Hast in thy power all papers so inscrib’d,
Glide through all barres to it, and fetch that paper.
Cartophylax. I will. A torch removes.
Fri. Till he returnes (great prince of darknesse)
Tell me if Monsieur and the Count Montsurry 90
Are yet encounter’d.
Beh. Both them and the Guise
Are now together.
Fri. Show us all their persons,
And represent the place, with all their actions.
Beh. The spirit will strait return, and then Ile shew thee.
See, he is come. Why brought’st thou not the paper? 95
Car. He hath prevented me, and got a spirit
Rais’d by another, great in our command,
To take the guard of it before I came.
Beh. This is your slacknesse, not t’invoke our powers
When first your acts set forth to their effects. 100
Yet shall you see it and themselves. Behold
They come here, & the Earle now holds the paper.
Ent[er] Mons[ieur], Gui[se], Mont[surry], with a
paper.
Buss. May we not heare them?
[Fri.] No, be still and see.
Buss. I will goe fetch the paper.
Fri. Doe not stirre.
There’s too much distance, and too many locks 105
Twixt you and them (how neere so e’re they seeme)
For any man to interrupt their secrets.
Tam. O honour’d spirit, flie into the fancie
Of my offended lord; and doe not let him
Beleeve what there the wicked man hath written. 110
Beh. Perswasion hath already enter’d him
Beyond reflection; peace, till their departure!
* * * * *
Monsieur. There is a glasse of ink where you may see
How to make ready black fac’d tragedy:
You now discerne, I hope, through all her paintings, 115
Her gasping wrinkles and fames sepulchres.
Guise. Think you he faines, my lord? what hold you now?
Doe we maligne your wife, or honour you?
Mons. What, stricken dumb! Nay fie, lord, be not danted:
Your case is common; were it ne’re so rare, 120
Beare it as rarely! Now to laugh were manly.
A worthy man should imitate the weather,
That sings in tempests, and being cleare, is silent.
Gui. Goe home, my lord, and force your wife to write
Such loving lines to D’Ambois as she us’d 125
When she desir’d his presence.
Mons. Doe, my lord,
And make her name her conceal’d messenger,
That close and most inennerable pander,
That passeth all our studies to exquire:
By whom convay the letter to her love; 130
And so you shall be sure to have him come
Within the thirsty reach of your revenge.

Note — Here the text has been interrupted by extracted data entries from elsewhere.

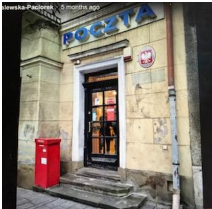
The post office

What interested Mom about the story, what she never got over, was the fact that they detailed four men to track her down. That zeal, that fervor, that attention to detail. "Imagine," she would say, "they sent four men in uniform to catch one eighteen-year-old girl."
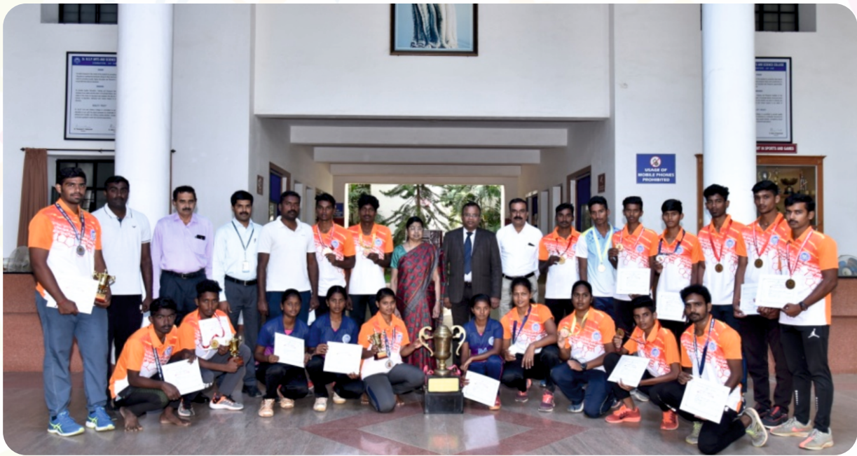
Inter-collegiate athletic meet for Men, Bharathiar University 2019-2020 was held at Nehru stadium Coimbatore on 12th December 2019 and won the overall championship
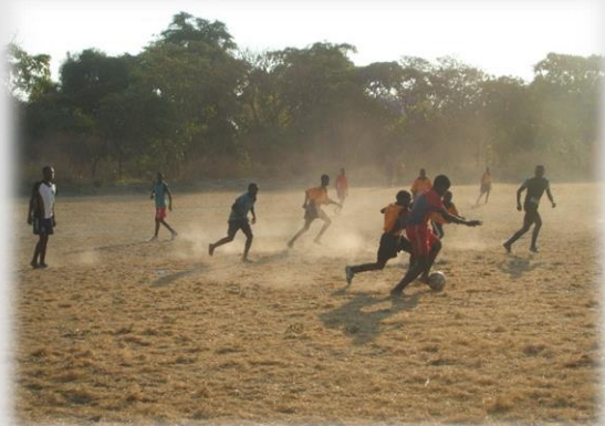
A dusty, dry season football match

Many of our children seem to eat, sleep and breathe football. If there is the opportunity to play – they will. During the last few months the temperature has been climbing and training has needed to be moved to later in the day. As the sun sets in Zambia around 18:00hrs, and some children walk for an hour to come to training, the coaches wondered if children would come just for an hour. They have seen how passionate these pupils are to play. Children have been coming early to play and going to the coaches' house to tell them to come! The Arise team have been blessed with new kit this term and are very excited to play more matches in 2019.
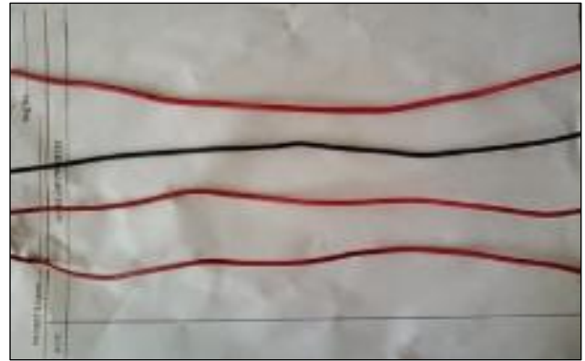
Figure 1: The electric cables.

The authors developed a non-destructive technique of entrapped ring removal utilizing 1.5-2.5mm electric cables (Curtix Plc, Nnewi, Nigeria) (Figure 1). Figure 2 shows an entrapped ring in the right thumb.
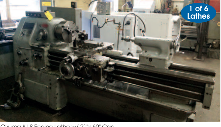
Okuma # LS Engine Lathe w/ 21"x 60" Cap.
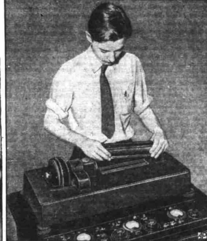
MINIATURE MARVEL. Plugged into a wall-socket just like an electric toaster and connected by telephone wire to its control point, this compact machine is ready to receive newspictures from over the nation. It's the new, small Wirephoto receiver, part of the equipment used to speed important pictures to this newspaper.
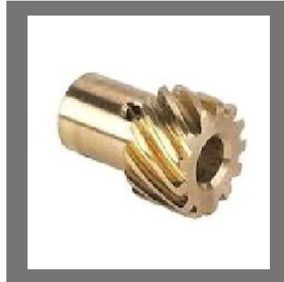
Aluminium Bronze Graded Casting
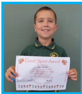
Aston Grade 2

Because you have been a good sport, a gracious winner and have included others.
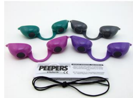
GE0009 – Peepers Modern – Grey, Purple, Pink & Turquoise

We, Australian Gold, LLC, declare under our sole responsibility that the above named products are in conformity with the following Regulations:
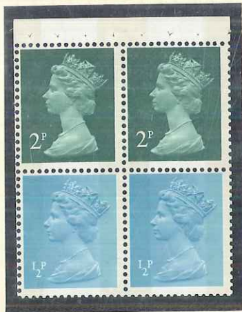
PERF. J 2P. SHIFT TO L

Before which, lodge an ambush in her chamber,
Behind the arras, of your stoutest men
All close and soundly arm’d; and let them share 135
A spirit amongst them that would serve a thousand.
Enter Pero with a letter.
Gui. Yet, stay a little: see, she sends for you.
Mons. Poore, loving lady, she’le make all good yet;
Think you not so, my lord? Mont[surry] stabs Pero, and exit.
Gui. Alas, poore soule!
Mons. This was cruelly done, y’faith.
Pero. T’was nobly done; 140
And I forgive his lordship from my soule.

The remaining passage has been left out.